Nice hearing from you.
 
I guess what concerns me about the definition in your draft is the word "agree". Various DA's can coexist in a federation without agreeing on anything. They merely need to support a common set of rules so that they can understand each others requirements. Agreement sound awfully close to bilateral relationships and as I stated before that is just on use case for a federation. Entities may federate and yet not agree to accept direct traffic from each other for business, security, trust, protocol, codec or just about any other reason. 
 
While there may definitely be more than one definition for a federation, we should strive for a more general (supporting more use cases) definition at the expense of the more restrictive one.
 
Cheers,
 
David Schwartz
________________________________

מאת: Otmar Lendl [mailto:lendl@nic.at]
נשלח: ד 15/03/2006 16:23
אל: David Schwartz
עותק לידיעה: David Meyer; Rohan Mahy; speermint@ietf.org
נושא: Re: [Speermint] Re: comments on terminology document



On 2006/03/12 11:03, David Schwartz <David.Schwartz@Kayote.com> wrote:
>
> Following up on Rohan's comment regarding carrier clubs or federations
> I think that this document should actually have a definition of these
> as well.
>
> The reason it is so important to have this definition appear in this
> document is because I have seen many definitions cropping up that IMHO
> confuse the matter and since this document is sort of a baseline it is
> probably better that it is dealt with here.

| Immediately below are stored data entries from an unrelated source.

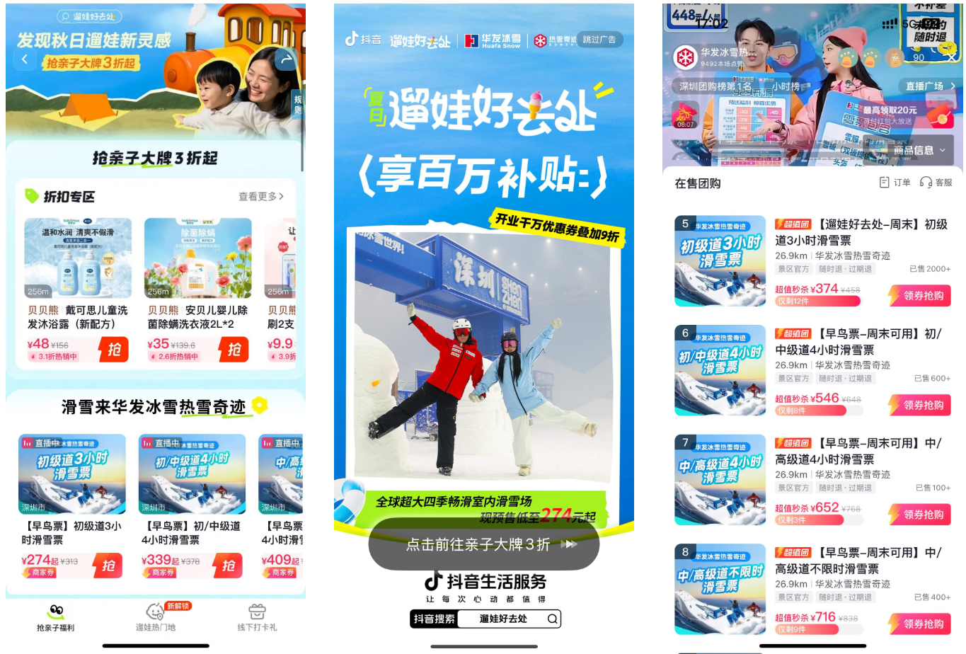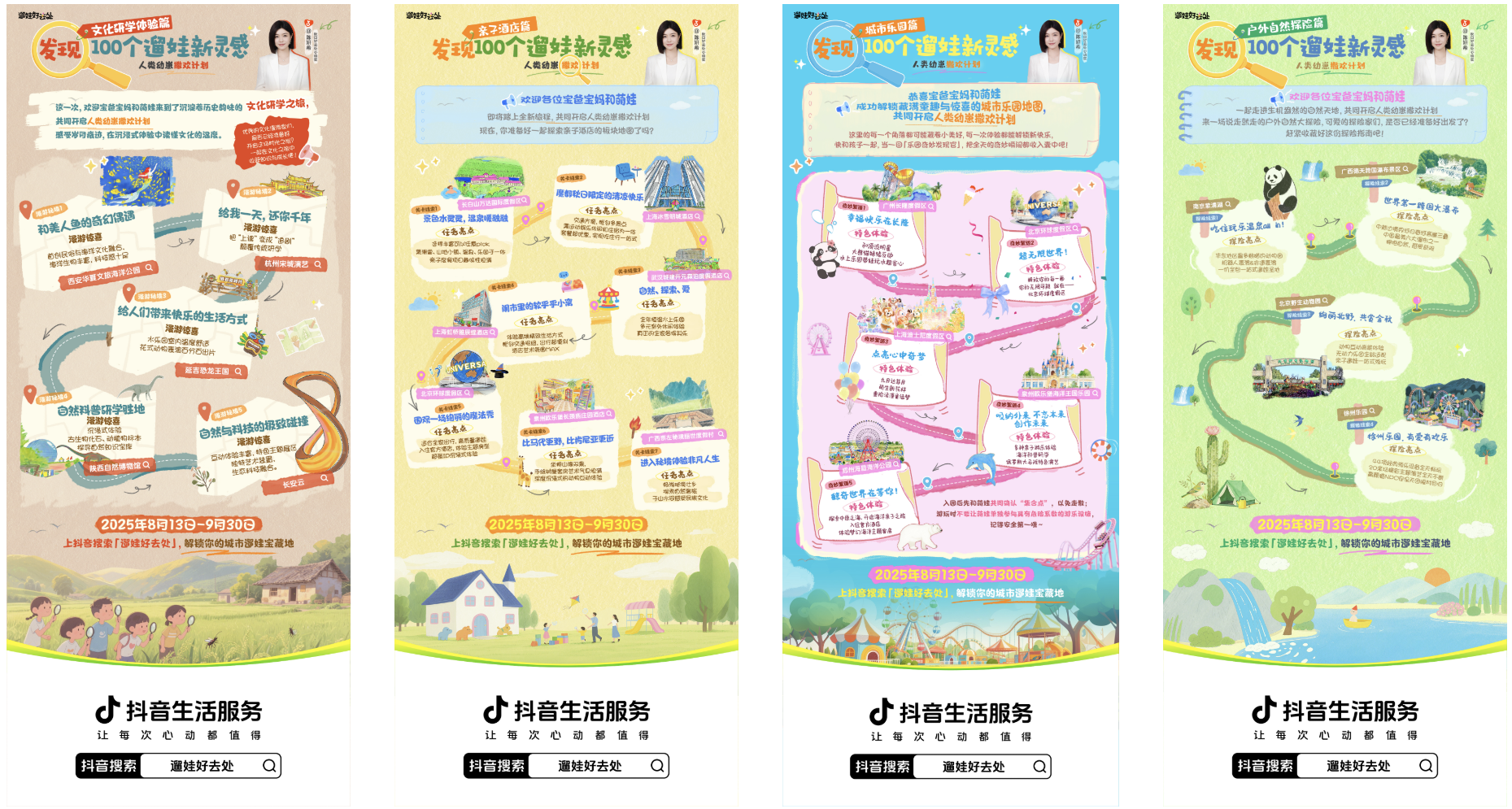 2025年8月-10月,抖音生活服务发起「遛娃好去处」活动,以「自然户外、乐园、人文、亲子酒店」四大场景为核心,通过“发现100个遛娃新灵感”为主线,整合IP联动、明星资源、线下事件与区域化内容深耕,助力商家构建从内容种草到体验转化的完整链路,实现品牌曝光、客群拓展与生意增长的多元目标。
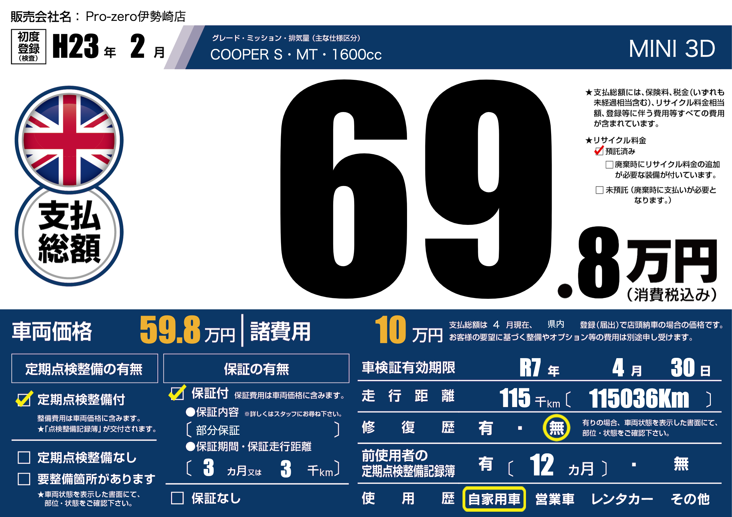 | 車名 | MINI 3D | グレード ミッション 排気量 |
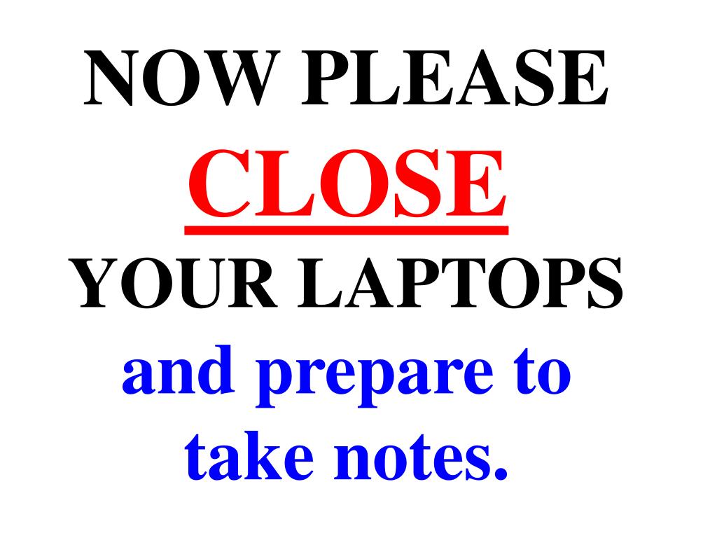 NOW PLEASE CLOSE YOUR LAPTOPS and prepare to take notes.
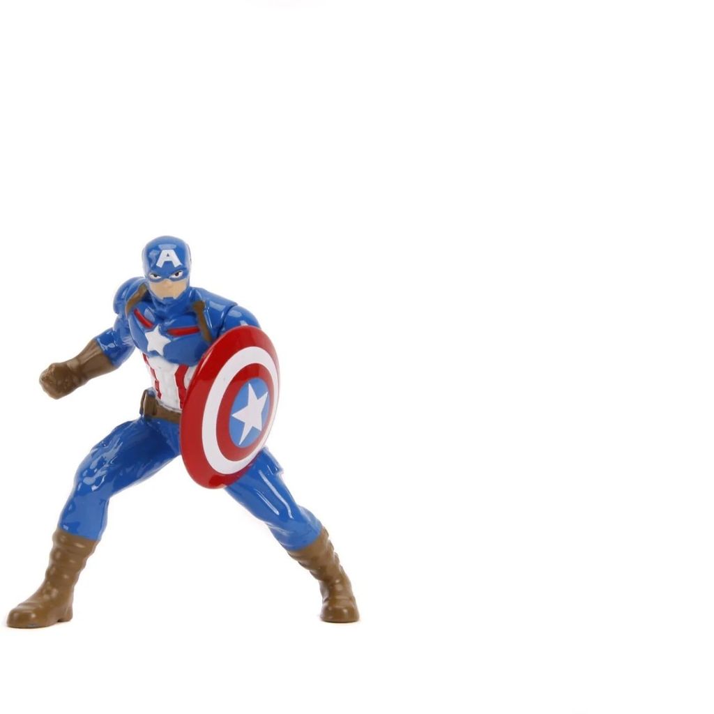 Forden har öppningsbara framdörrar, motorhuv och baklucka. Med bilen följer en Captain America samlarfigur.
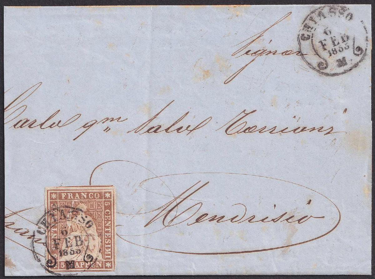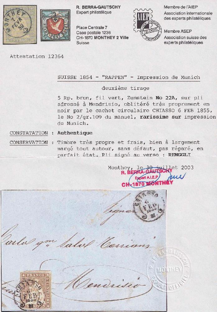 | Zusatzinformationen und Suchstichworte: | Luzernerraute Webshop Los 0002601230 Kanton Tessin CHIASSO: 6.2.1855 nach MENDRISIO, 22A3 weissrandig. Seltener, vorschriftswidriger Datum-Rund-Stempel, fehlerfrei mit Attest Berra (2003), sign. Renggli, trotz leichter Patina-Spuren dekorativ wirkend. Festpreis 550,00 CHF |
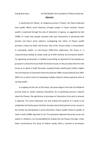 In examining the Paiwan, an indigenous group in Taiwan, this thesis illustrates how wealth affects social hierarchy amongst people in house societies. Paiwan wealth is examined through the idea of abduction of agency, as suggested by Gell (1998), to reveal how people associate with past interactions in perceiving both present and future social relations. Investigating the notion of Paiwan wealth provides a means by which Lévi-Strauss’ idea of the ‘house society’ is reconsidered. In possessing wealth, as Lévi-Strauss (1982:194) emphasises, the house is “a corporate body holding an estate made up of both material and immaterial wealth” for organising social groups. In addition to providing an argument for how people are grouped in and by the house itself, this thesis focuses on the processes that form the house as an agent in itself. Moreover, studying Paiwan wealth gives further insights into how features of Dumontian hierarchy (Dumont 1980) and precedence (Fox 1994, 2004) can co-exist in terms of employing multiple values to achieve supreme value of owning wealth. In mapping out the aim of this thesis, discussion begins from how the fieldwork process leads to certain empirical elucidation. By re-examining pervious research about the Paiwan, the significance of processes of interactions from past to present is explored. The social interaction not only enables the position of a house to be established and further gives Christian churches hierarchical position to be a house in the society. By participating in social interaction, Paiwan wealth shows its quality of index in Gell’s (1998) argument of art. The association between hierarchy, house and wealth is, therefore, can be exemplified by looking into the Paiwan marriage. Under these circumstances, the study of Paiwan society offers a channel to encompass different perspectives of anthropology to approach indigenous context.
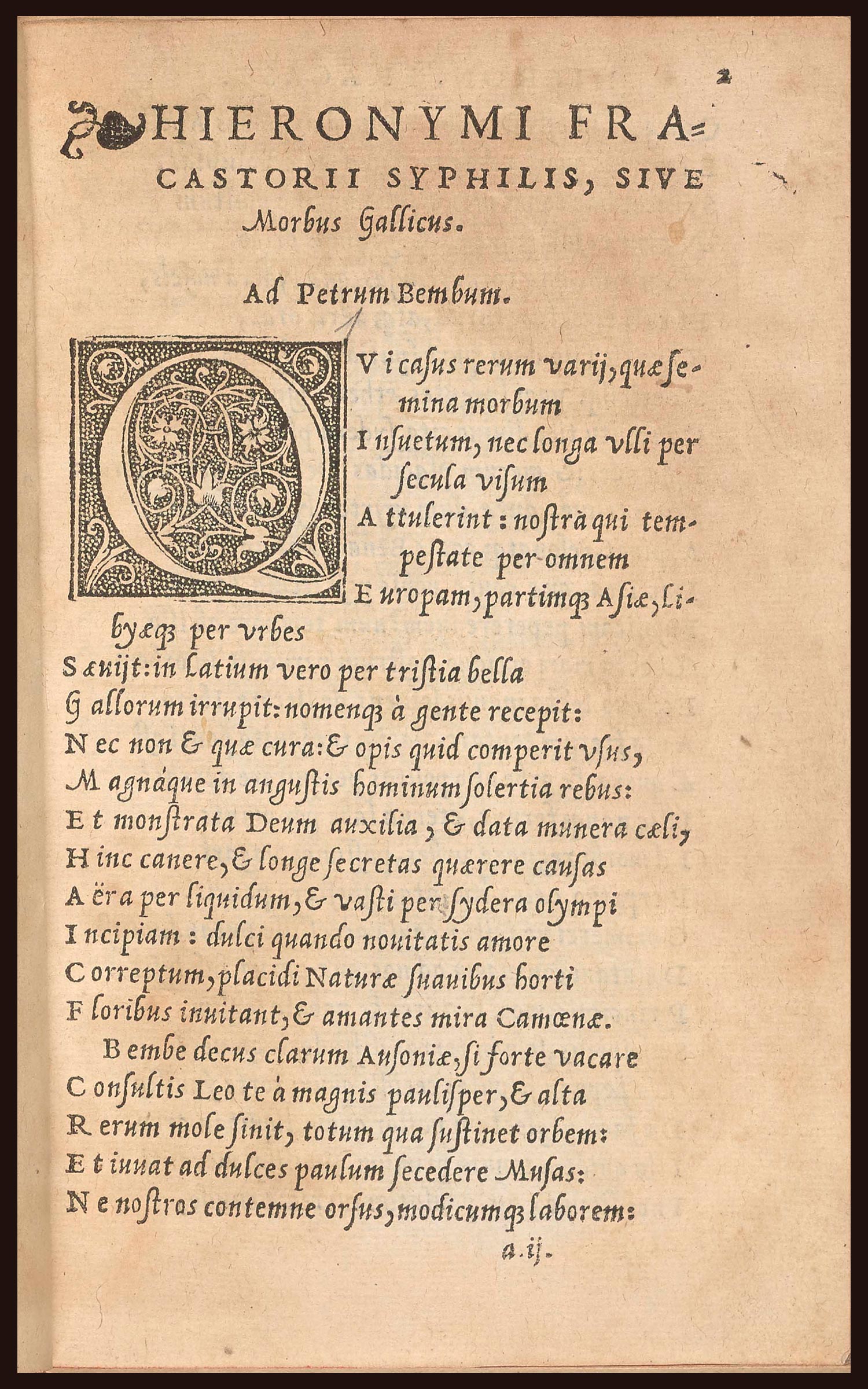 At the beginning of the sixteenth century, syphilis was a new disease in Europe. It did not even have a name yet. To the Italians it was the “French disease” (morbus gallicus). The name of this illness was coined by the polymath scholar Girolamo Fracastoro in his three-book epic poem, Syphilis, sive morbus gallicus (Syphilis, or the French Disease), first published in 1530. The poem included the story about a shepherd named Syphilis who was punished with a horrible disease for insulting Apollo.
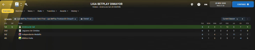 However, that was just about enough to sneak América through to the Finalizácion Final with nine points. Surprisingly, their opponent will be Independiente Santa Fe, who dominated Group E with 13 points to finish seven clear of Nacional, who sacked their manager, Millonarios and Junior FC.
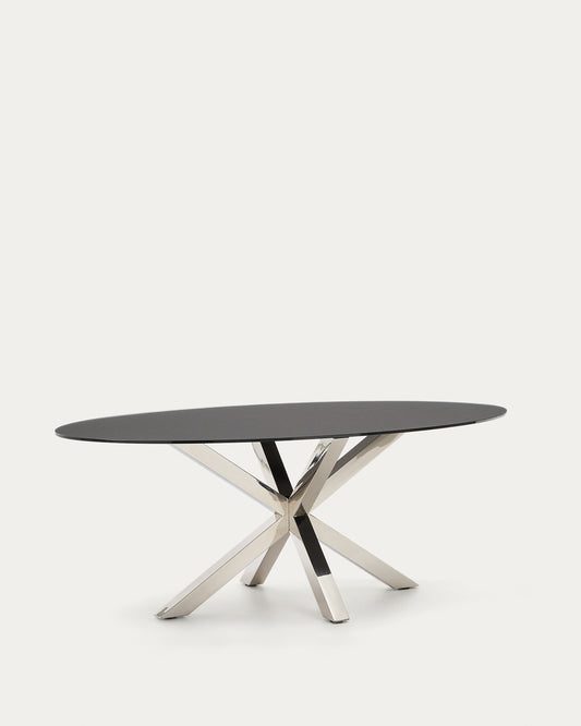 Argo oval table in matt black glass and stainless steel legs Ø 200 x 100 cm
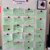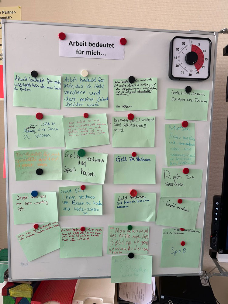 Donnerstag absolvierten wir verschiedene Übungen in Kleingruppen, interviewten unsere Mitschülerinnen und Mitschüler, sprachen über die Berufe unserer Eltern und beschäftigten uns mit Sprichwörtern zum Thema Arbeit. Besonders interessant war dabei, wie unsere Mitschülerinnen und Mitschüler über uns dachten und uns einschätzten u.a. auch im Rahmen eines auszufüllenden Fremdeinschätzungsbogen. Es wurde deutlich, dass wir selbst uns in manchen Punkten ganz anders einschätzen als wir auf andere wirken. Das regte an der einen oder anderen Stelle zum Nachdenken an.
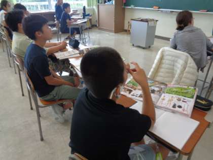 社会科では、歴史の学習がはじまっています。縄文時代の人々のくらしの様子を絵やグラフから想像して考えています。
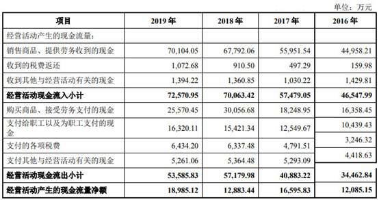 去年,公司营收下滑,但净利增长。2016年-2019年,联德机械营业收入分别为4.23亿元、5.58亿元、7.07亿元和6.82亿元,净利润分别为0.86亿元、1.11亿元、1.61亿元和1.69亿元。同期,公司销售商品、提供劳务收到的现金分别为4.50亿元、5.60亿元、6.78亿元和7.01亿元,经营活动产生的现金流量净额分别为1.21亿元、1.66亿元、1.29亿元和1.90亿元。
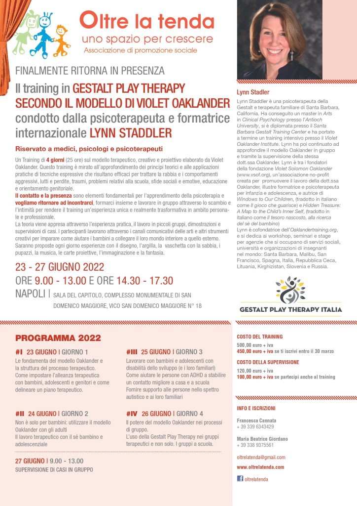 Un Training di 4 giorni (25 ore) sul modello terapeutico, creativo e proiettivo elaborato da Violet Oaklander. Questo training è mirato all’approfondimento dei principi teorici e alle applicazioni pratiche di tecniche espressive che risultano efficaci per trattare la rabbia e i comportamenti aggressivi, lutti e perdite, traumi, problemi relativi alla scuola, sfide sociali ed emotive, educazione e orientamento genitoriale.
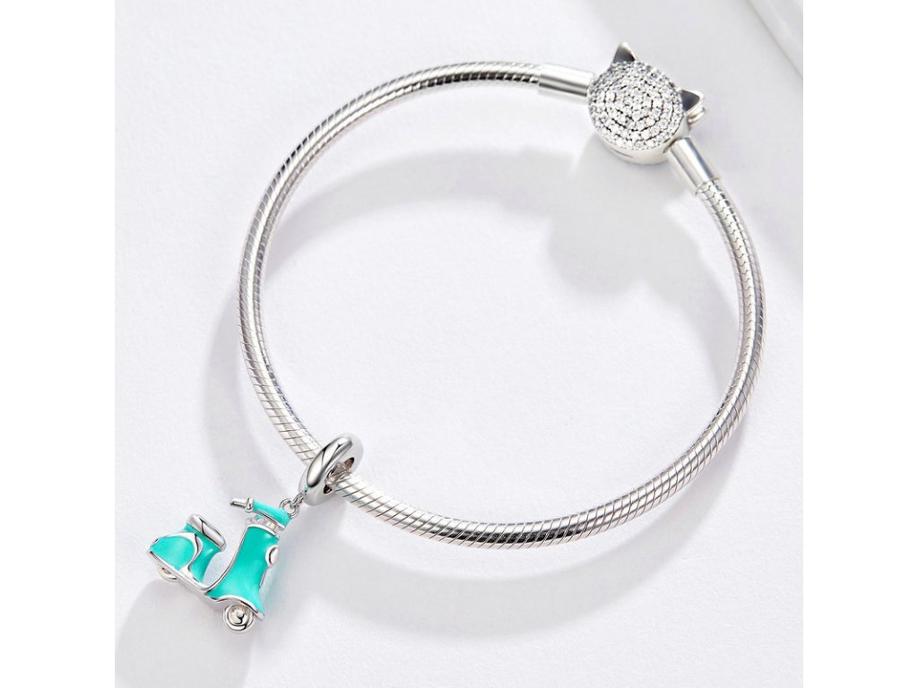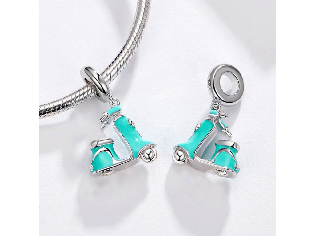 Stříbrný visací přívěsek v designu krásné motorky / skútru zdobeného ručně nanášenou tyrkysovou glazurou. Originální design přívěsku, kvalitní zpracování a materiál, ručně dohotovené.
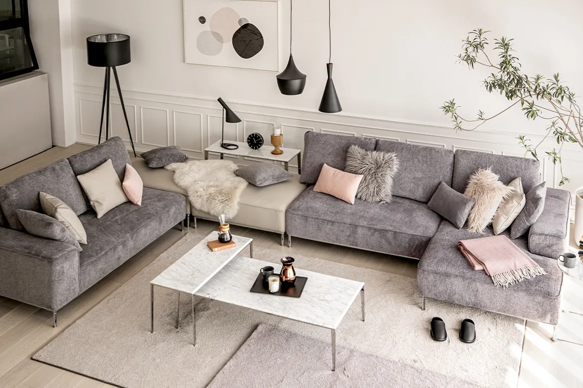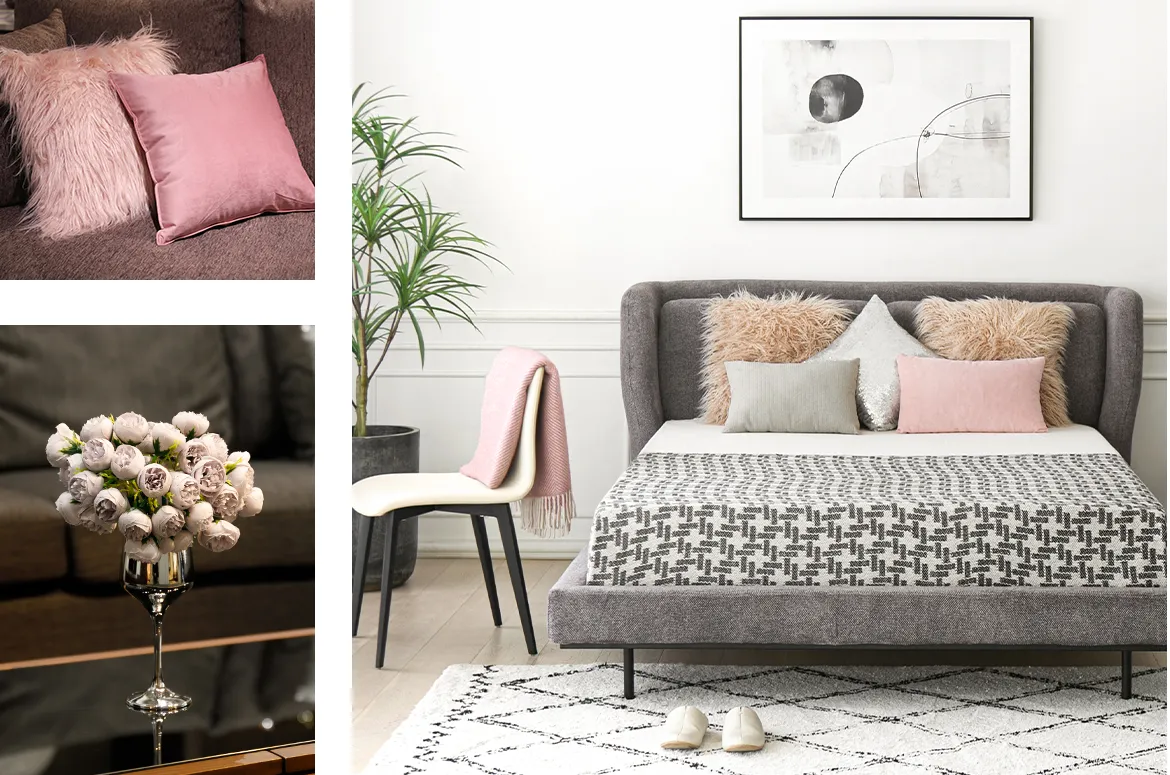 ホワイトトーンの空間に、グレー、スイートピンク、ブラックを取り入れたインテリアが落ち着きを感じられる空間。
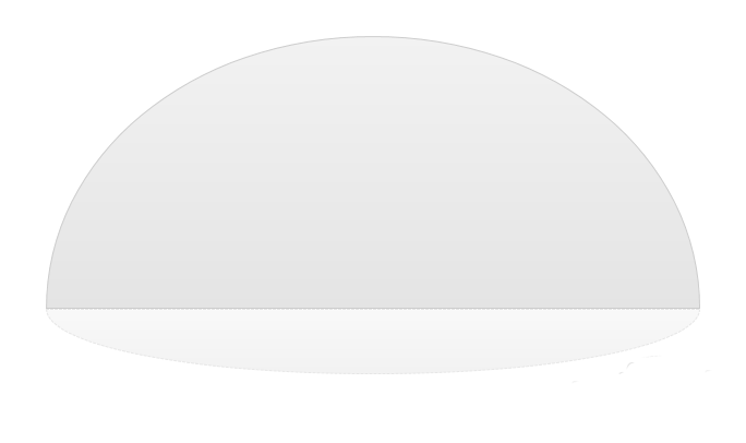 3、再在半圓形下方拖一個半圓形,寬度跟上方的一致,但是高度比上方的小,如下圖所示:
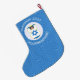 Large Christmas stocking for holiday and Hanukkah decor featuring an angel dressed in the blue and white flag of Israel. Designed for families of multiple religions. The Hanukkah Israeli flag angel flies inside a white circle of squiggly squares, surrounded by a background of blue squiggly squares. Add a name to personalise. Customise with the year. Or, add your own text.

The concept of federations will be important. They are popping up
in various concepts (e.g. IM federations), and I doubt that one
definition will be suitable for all applications.

>
> Compare for example the definitions given for a federation
> in "draft-ietf-sipping-trait-authz-02" (TRAIT) and
> "draft-lendl-speermint-federations-00" (FEDS).
>
> TRAIT defines a federation as "...a set of administrative domains
> that implement common policies regarding the use and applicability of
> traits for authorization decisions".
>
> FEDS on the other hand defines this same entity as "...a group of VoIP service providers which
>       *  agree to receive calls from each other via SIP,
>       *  agree on a set of administrative rules for such calls
>          (settlement, abuse-handling, ...), and
>       *  agree on specific rules for the technical details of the
>          Interconnection".
>
> As can be seen, FEDS has a much narrower definition and since as Rohan
> has pointed out we are "not precluding" connections via some sort
> of intervening network it is possible to have federations where the
> peers do not "agree" on policy with anyone other than the intervening
> network. TRAIT is general enough to allow for this model while FEDS is
> not.

My wording in FEDS may be ambiguous, but as one example shows I tried
to include the options of having a layer 5 node in the middle in
the definition of a federation:

   o  Peering fabric based on SIP: A company sets up a SIP proxy which
      acts as a forwarding proxy between the SIP proxies of all
      participating VSPs.  The group of these VSP form a federation
      whose technical rules state that calls have to be routed via that
      central proxy.

In the context of draft-lendl-speermint-federations-00, the only important
aspect of a federation is the notion that if VSP A is a member of
the federations X and Y and VSP B is a member of Y and Z then A can use
the federation-framework of Y to complete a call to B.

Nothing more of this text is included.